■ **Task requirements**: For the material that follows, return exactly the lines from the one with "Relatively young in" through the one with "フィンガーボードには、しっと", both ends included.

■ **Supplied information**:
━━━
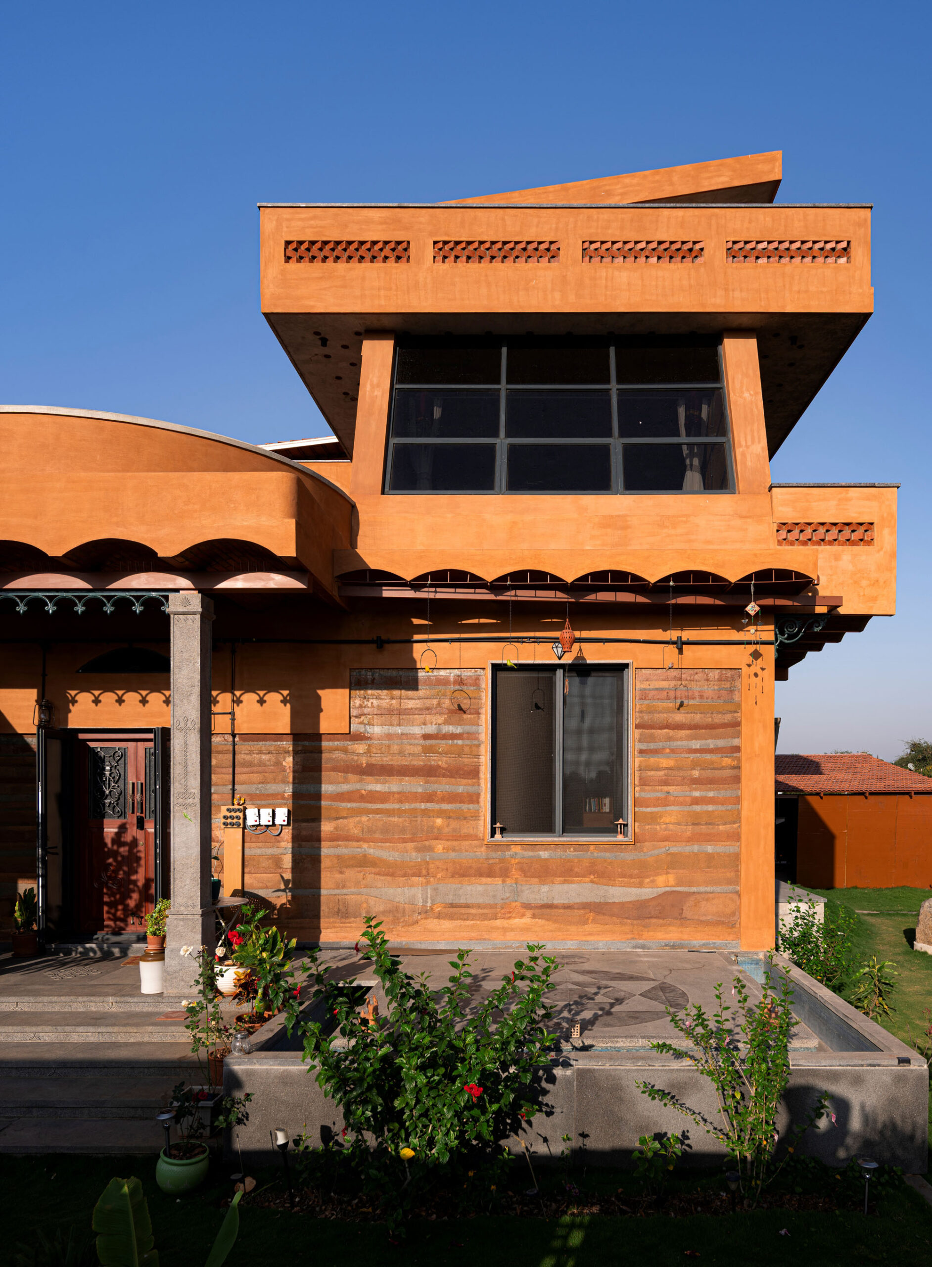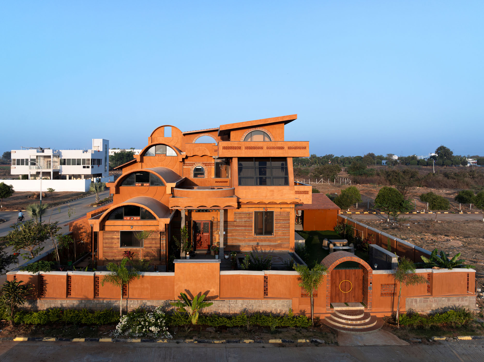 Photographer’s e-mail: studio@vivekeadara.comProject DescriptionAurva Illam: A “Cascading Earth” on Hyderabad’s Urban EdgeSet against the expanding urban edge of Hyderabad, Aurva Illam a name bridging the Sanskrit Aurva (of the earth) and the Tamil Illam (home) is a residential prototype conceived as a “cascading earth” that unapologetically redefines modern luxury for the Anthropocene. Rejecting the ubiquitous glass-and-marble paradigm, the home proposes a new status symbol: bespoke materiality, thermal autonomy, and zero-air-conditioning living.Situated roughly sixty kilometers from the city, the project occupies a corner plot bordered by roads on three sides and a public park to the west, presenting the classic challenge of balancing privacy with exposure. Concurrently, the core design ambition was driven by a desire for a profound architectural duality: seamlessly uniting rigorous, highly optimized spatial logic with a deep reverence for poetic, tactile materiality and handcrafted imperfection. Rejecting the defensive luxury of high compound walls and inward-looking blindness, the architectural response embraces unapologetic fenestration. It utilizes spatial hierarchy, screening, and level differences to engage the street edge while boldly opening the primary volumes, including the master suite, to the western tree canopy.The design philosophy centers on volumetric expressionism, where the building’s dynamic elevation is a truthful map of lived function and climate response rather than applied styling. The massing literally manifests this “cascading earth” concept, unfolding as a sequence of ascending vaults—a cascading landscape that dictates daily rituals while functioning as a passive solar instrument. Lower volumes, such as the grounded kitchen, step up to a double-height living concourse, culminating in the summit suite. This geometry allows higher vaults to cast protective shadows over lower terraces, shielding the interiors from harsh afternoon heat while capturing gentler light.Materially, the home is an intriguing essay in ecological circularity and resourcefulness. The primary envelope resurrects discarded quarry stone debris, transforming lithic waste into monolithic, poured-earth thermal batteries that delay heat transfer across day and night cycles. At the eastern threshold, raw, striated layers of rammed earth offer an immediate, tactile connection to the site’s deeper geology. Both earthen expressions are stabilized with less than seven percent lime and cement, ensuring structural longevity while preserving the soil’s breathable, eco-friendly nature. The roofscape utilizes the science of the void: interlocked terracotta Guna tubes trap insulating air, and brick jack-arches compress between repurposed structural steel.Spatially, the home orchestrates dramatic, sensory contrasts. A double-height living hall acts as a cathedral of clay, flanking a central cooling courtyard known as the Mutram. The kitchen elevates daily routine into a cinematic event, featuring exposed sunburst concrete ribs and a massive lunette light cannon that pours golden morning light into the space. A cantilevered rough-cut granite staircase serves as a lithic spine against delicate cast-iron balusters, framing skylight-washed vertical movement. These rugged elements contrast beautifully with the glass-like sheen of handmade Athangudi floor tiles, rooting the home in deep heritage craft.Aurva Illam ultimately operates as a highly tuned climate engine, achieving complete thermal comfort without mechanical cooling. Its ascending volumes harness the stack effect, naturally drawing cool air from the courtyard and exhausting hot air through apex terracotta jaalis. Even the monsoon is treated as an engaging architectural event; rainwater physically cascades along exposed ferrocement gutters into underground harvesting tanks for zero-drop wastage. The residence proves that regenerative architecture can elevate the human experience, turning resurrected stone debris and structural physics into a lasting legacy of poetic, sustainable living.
━━━
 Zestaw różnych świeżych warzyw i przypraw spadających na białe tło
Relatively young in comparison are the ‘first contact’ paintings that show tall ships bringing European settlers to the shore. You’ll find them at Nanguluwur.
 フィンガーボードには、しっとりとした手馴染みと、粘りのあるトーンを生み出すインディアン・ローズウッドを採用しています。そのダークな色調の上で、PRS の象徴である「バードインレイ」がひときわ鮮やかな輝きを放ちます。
━━━
■ **Task result**:
Relatively young in comparison are the ‘first contact’ paintings that show tall ships bringing European settlers to the shore. You’ll find them at Nanguluwur.
 フィンガーボードには、しっとりとした手馴染みと、粘りのあるトーンを生み出すインディアン・ローズウッドを採用しています。そのダークな色調の上で、PRS の象徴である「バードインレイ」がひときわ鮮やかな輝きを放ちます。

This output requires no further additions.